» **Task details**:
What you should end up with is an exact copy of the lines from the one holding "V8 皮肤165 英雄128 永恒钻石 荣耀典藏3 传说16" through the last line of the entries below, both included, and nothing else; leave every picture out.

Dataset items:
================
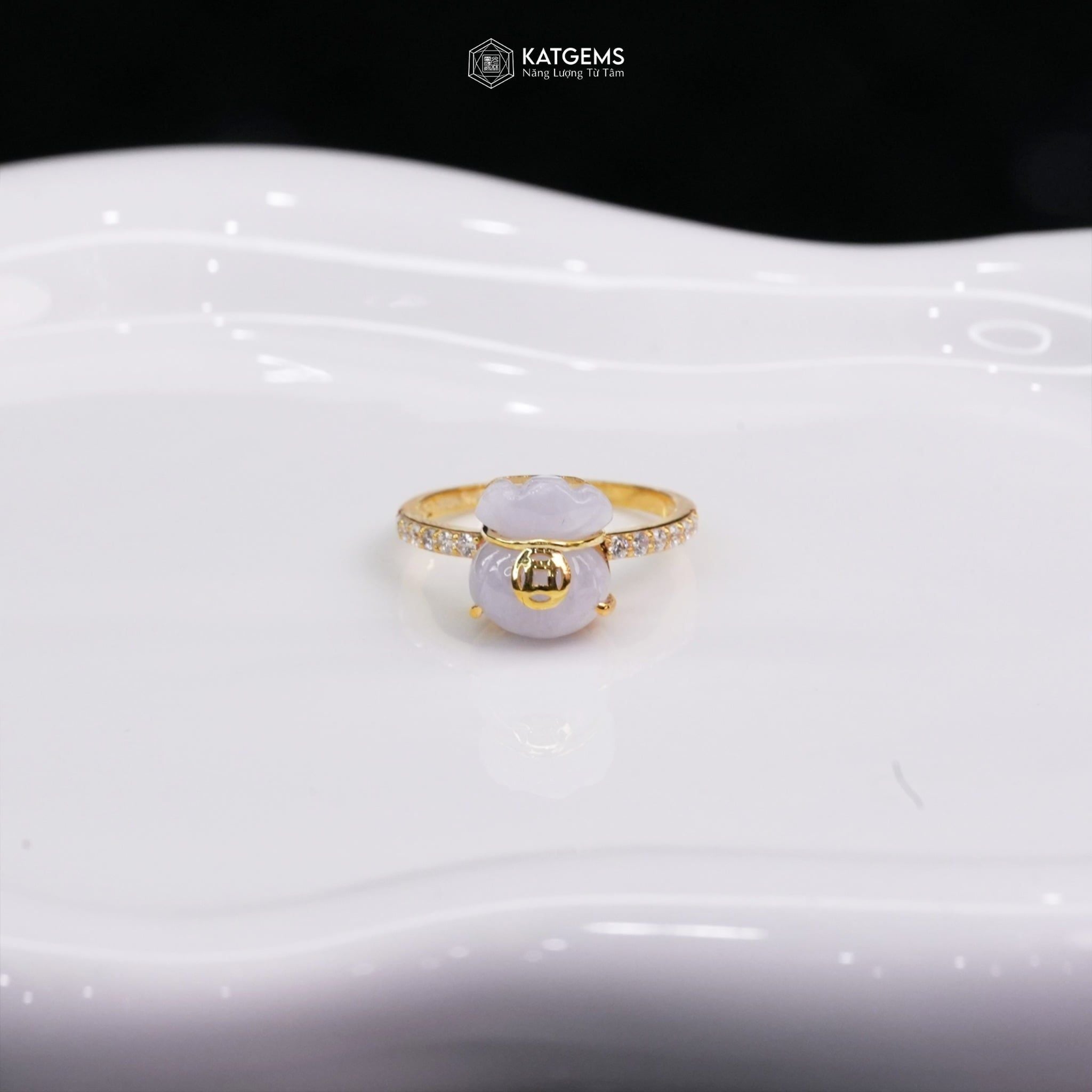 Nhẫn Túi Tiền Kim Bảo Đại Phát Ngọc Phỉ Thúy Tím Tử La Lan KT: 10x9x4ly Vàng Trang Sức (Không kén mệnh)
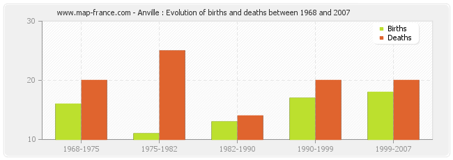 Population of Anville was 191 inhabitants in 2007, 156 inhabitants in 1999, 173 inhabitants in 1990, 169 inhabitants in 1982, 181 inhabitants in 1975 and 217 inhabitants in 1968.
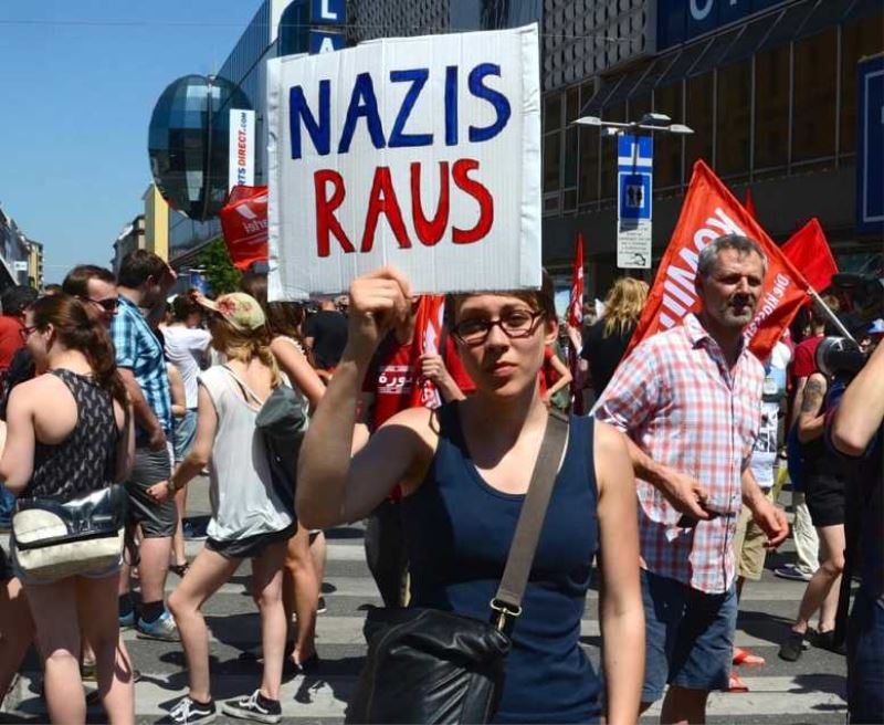 Sosyal medya aracılığıyla örgütlenen sol görüşlü 600 kişilik grup da yürüyüşü engellemek için aynı bölgede bir araya geldi. Gruptakiler, "Müslümanlar ve göçmenler hoş geldiniz" ve "Naziler ve ırkçılar dışarı" sloganları atarak, protestocuların yürüyeceği yolu kapattı.
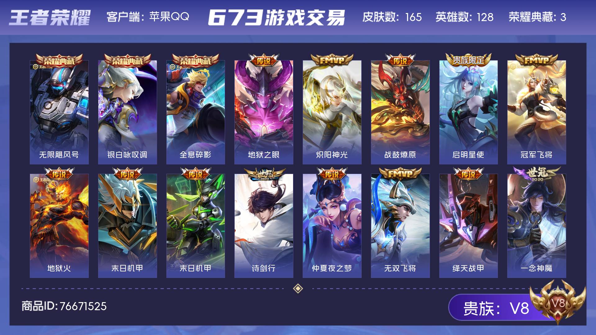 V8 皮肤165 英雄128 永恒钻石 荣耀典藏3 传说16
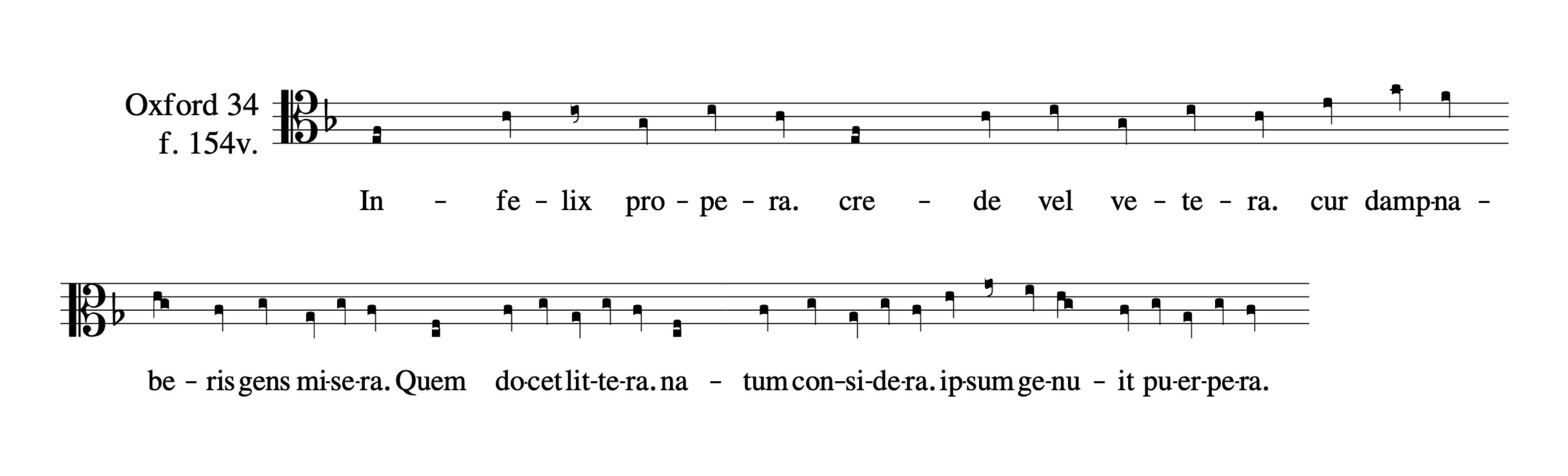 Fig. 2 : Reproduction de la dernière strophe de la séquence Lætabundus dans Oxford 34
================
» **Answer to the exercise**:
 V8 皮肤165 英雄128 永恒钻石 荣耀典藏3 传说16
 Fig. 2 : Reproduction de la dernière strophe de la séquence Lætabundus dans Oxford 34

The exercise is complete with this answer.